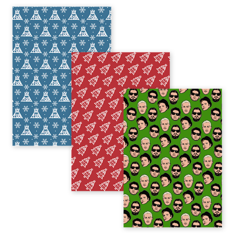 Well, you’re going to need something to wrap all these wonderful musical gifts up in, aren’t you? What better than the faces and logo of the one band from the early 2000s that has managed to survive it all and continued to exist. Good for you, Fall Out Boy. Dance dance, mumble mumble, and a happy holiday.
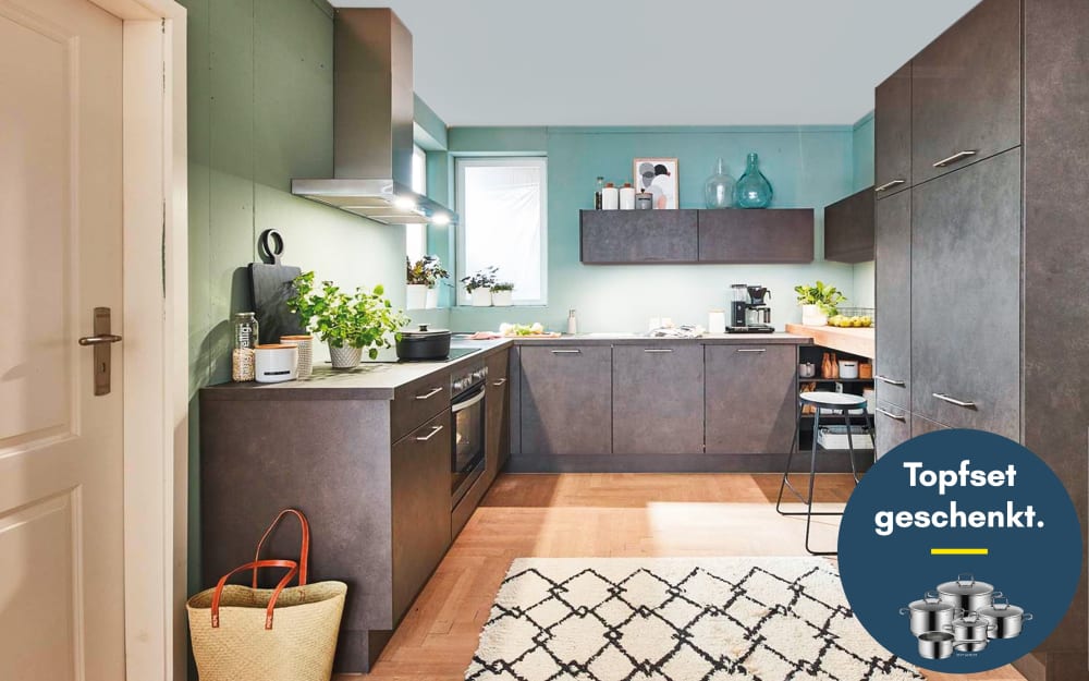Mondo Einbauküche Lenzen, schwarzbeton, inkl. AEG Elektrogeräte dunkelgrau
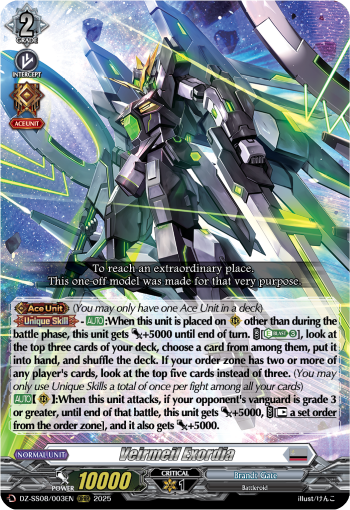 [Ace Unit] (You may only have one Ace Unit in a deck) [Unique Skill] - [AUTO]:When this unit is placed on (RC) other than during the battle phase, this unit gets [Power]+5000 until end of turn. [COST][Energy-Blast 3], look at the top three cards of your deck, choose a card from among them, put it into hand, and shuffle the deck. If your order zone has two or more of any player's cards, look at the top five cards instead of three. (You may only use Unique Skills a total of once per fight among all your cards) [AUTO](RC):When this unit attacks, if your opponent's vanguard is grade 3 or greater, until end of that battle, this unit gets [Power]+5000, [COST][Rest] a set order from the order zone], and it also gets [Power]+5000.
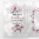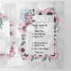Este é um belo e encantador convite para casamento triplo para que a resposta possa ser cortada e enviada de volta. Magnólia Rosa-d-água floresce com aves em cada quadrado sentados nos galhos.
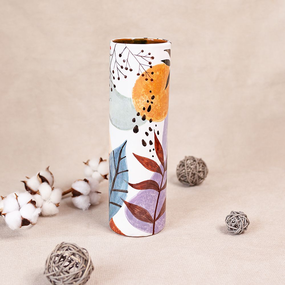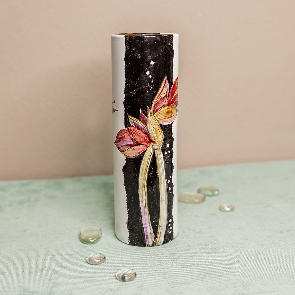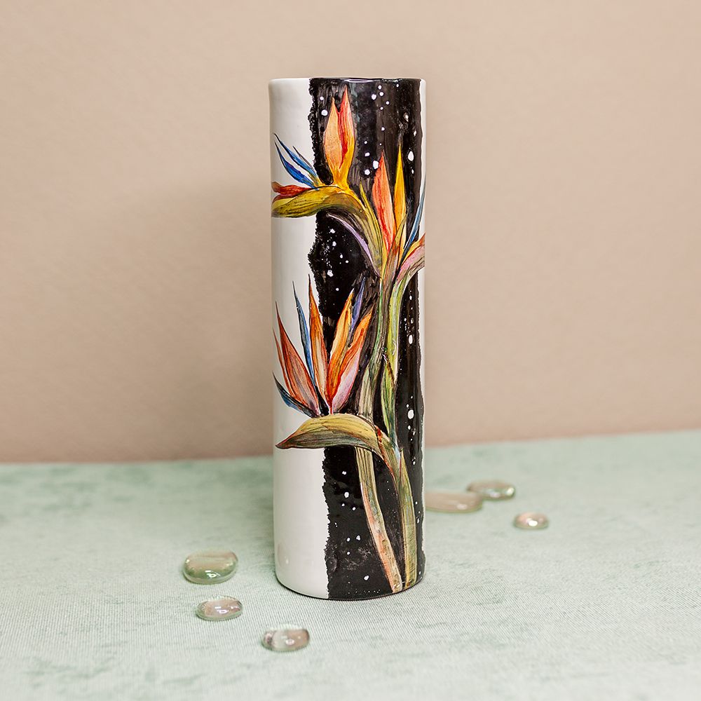 Это изделие ручной работы представляет собой сосуд изящной формы в виде цилиндра. Данное изделие искусно расписано художником. Рисунком может быть как пейзаж, так и цветочная тематика, но каждый раз он будет индивидуален и неповторим. Такая ваза будет стильно смотреться в интерьере, создаст настроение, будет чудесным подарком по любому поводу.
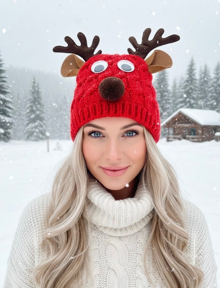Canlı kırmızı örgü bere, geyik figürü ve boynuz detaylarıyla tarzınızı yansıtır. Yumuşacık, sıcacık tutar ✨
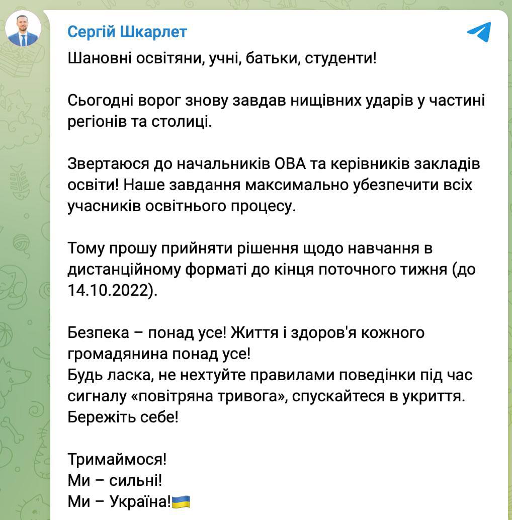 После массированного ракетного удара РФ до конца недели (до 14 октября) все школы Украины переводятся на дистанционное обучение.
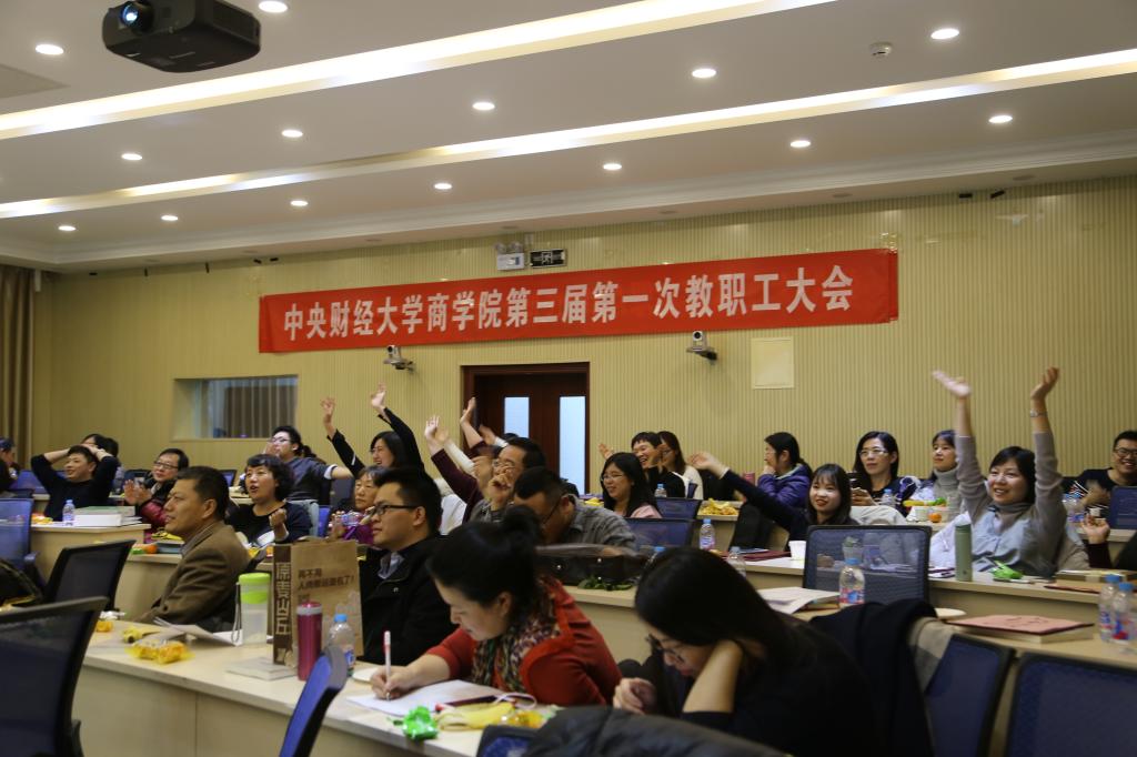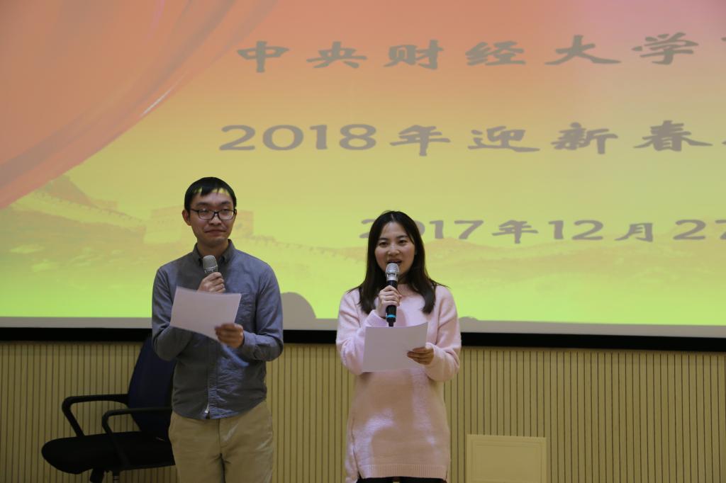 联欢活动由学院今年新入职的两位新教工朱曦济、王喆主持。老师们以各系各部门为单位准备了精彩的表演节目。首先是市场营销系的《最炫商院风》,这首曾经火遍大江南北的歌曲,配合着营销系老师的欢快舞蹈,为联欢活动迎来了一个开门红。供应链与运营管理系三位男老师带来的《红米饭,南瓜汤》让我们再次回味了伟大的井冈山精神;《外婆的澎湖湾》熟悉而温馨的乐曲则让在座的老师重温了一次自己纯真的童年时光。郭骁老师的一曲反串《回娘家》节目,则让大家看到了平时话语不多的郭骁老师特有才艺和幽默风趣;刘小元老师和刘书博老师的歌舞《冬天里的一把火》,再次燃烧起那激情的岁月。MBA中心的小鲜肉陈明博独唱中财版《成都》,则以今年的流行色唱出了我们中财韵味;学院行政部门的方言版《送别》朗诵和吉他版《送别》弹唱,感受到了平时工作严肃繁忙的行政老师们别具一格的幽默和细腻情感;俸军老师独唱一曲《当你老了》,浓浓亲情回荡于教工中间。战略系全体老师为大家奉献了《明天会更好》,以歌声祝愿学校、学院、老师发展的更好。
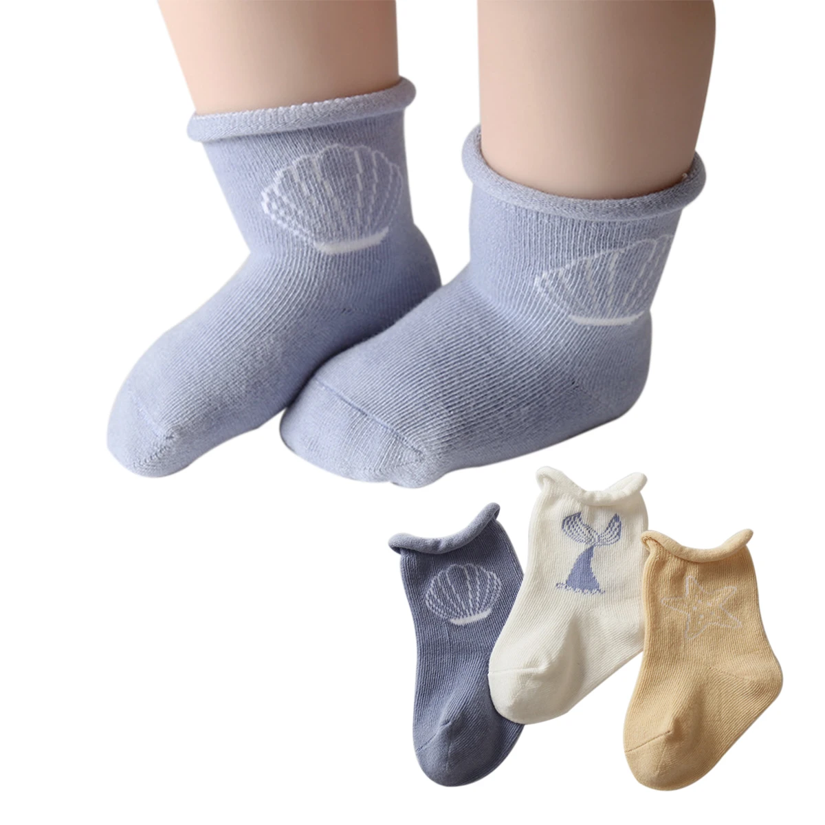 Children's Terry Socks, Baby Unisex Cotton Solid Color Thin Sock, Non-Skid Soles
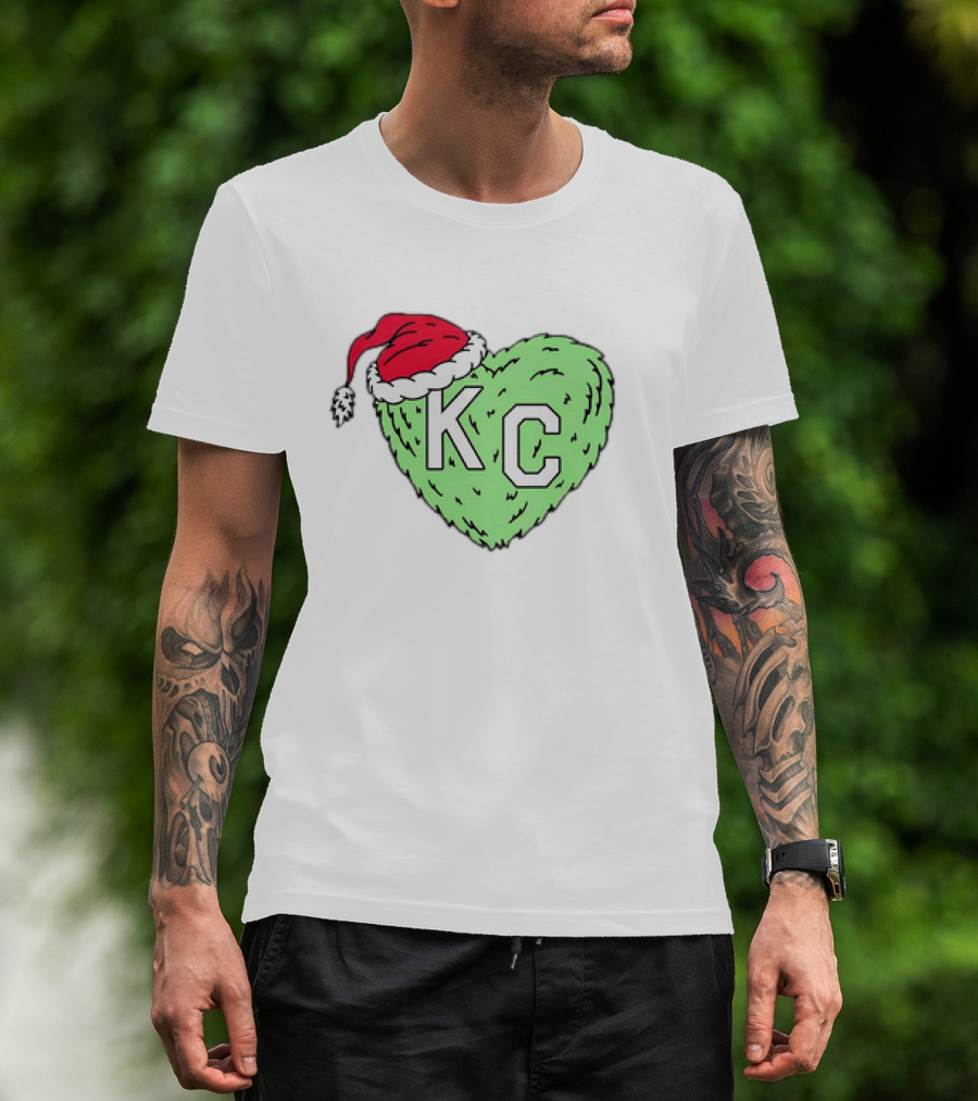 Grinch KC Heart Christmas Santa Hat T-Shirt

^^^^^^^^^^^^^^^^

◆ REQUIRED ACTION
Using the entries above, extract exactly the lines from the one that contains "Это изделие ручной" through the one that contains "После массированного ракетного". Do not carry over any pictures.

◆ RESULT BELOW
 Это изделие ручной работы представляет собой сосуд изящной формы в виде цилиндра. Данное изделие искусно расписано художником. Рисунком может быть как пейзаж, так и цветочная тематика, но каждый раз он будет индивидуален и неповторим. Такая ваза будет стильно смотреться в интерьере, создаст настроение, будет чудесным подарком по любому поводу.
Canlı kırmızı örgü bere, geyik figürü ve boynuz detaylarıyla tarzınızı yansıtır. Yumuşacık, sıcacık tutar ✨
 После массированного ракетного удара РФ до конца недели (до 14 октября) все школы Украины переводятся на дистанционное обучение.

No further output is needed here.